Running MS-DOS 3.20 with qemu with the command qemu-system-i386 -fda ./images/disk01.img seems to work fine. Attaching GDB (with the command qemu-system-i386 -fda ./images/disk01.img -S -s for qemu and target remote localhost:1234 and just continuing the program also seems to work fine and as intended (MS-DOS boots up properly and everything). However, when I do the following while loop in GDB:
while 1
si
end
After a while of going through instructions, it prints out "Disk Boot Failure" on MS-DOS for some reason.

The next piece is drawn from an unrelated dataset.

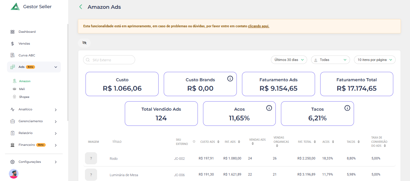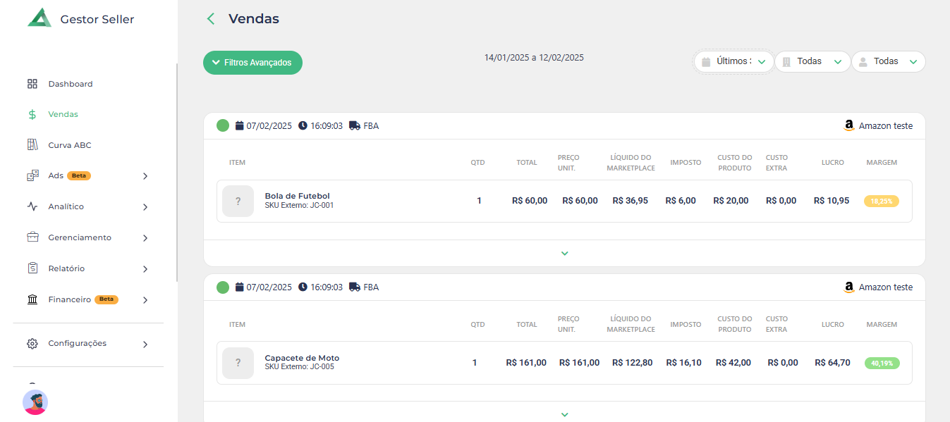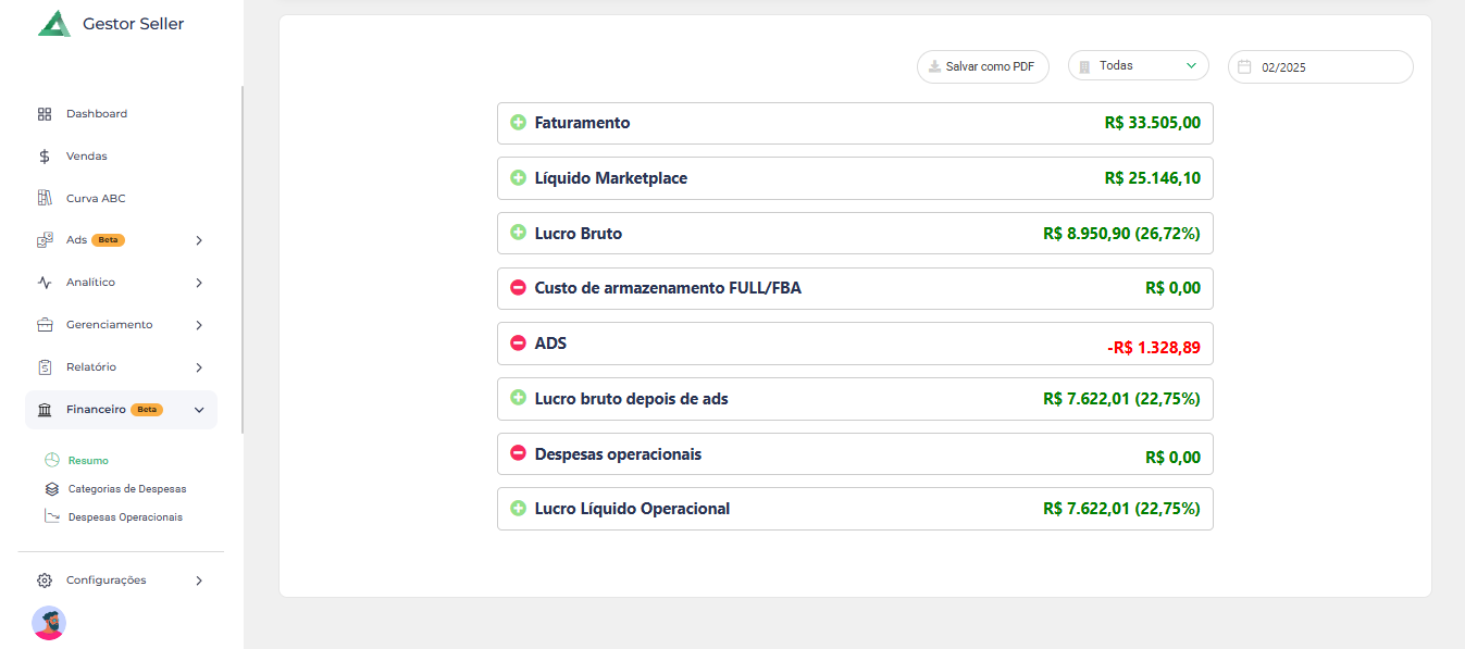 Com esses dados organizados e acessíveis, o Gestor Seller permite que você tome decisões estratégicas para otimizar lucros e reduzir custos.

This just doesn't make sense to me (after all the instructions in memory are supposed to the same, why would there be different behavior) and I have no idea what could be causing this, is there maybe something in GDB that could be causing this interference with QEMU?
This is almost certainly something within DOS timing out because single-stepping instructions via the gdbstub means that the CPU executes very slowly.
QEMU (when used in non-icount mode) makes guest timer devices work on the host "wall clock" time, so if the guest says "this attempt to read the floppy disk should time out after 10 seconds" then it will time out after 10 real-world seconds. The emulated CPU, meanwhile, executes as fast as QEMU can make it go. Usually that's fine, but if you're slowing down the guest CPU by making every instruction executed round-trip via a gdb singlestep, the guest might not be able to execute as much of the BIOS or DOS code as it ought to before the timeout fires.
If you want instead to tie the simulation time to how many guest instructions have been executed (effectively setting the guest CPU speed and saying "when N instructions have been executed that's 1 second for the guest"), you can look at the -icount option. But the more usual approach is "don't do a lot of single-stepping in gdb, use breakpoints instead".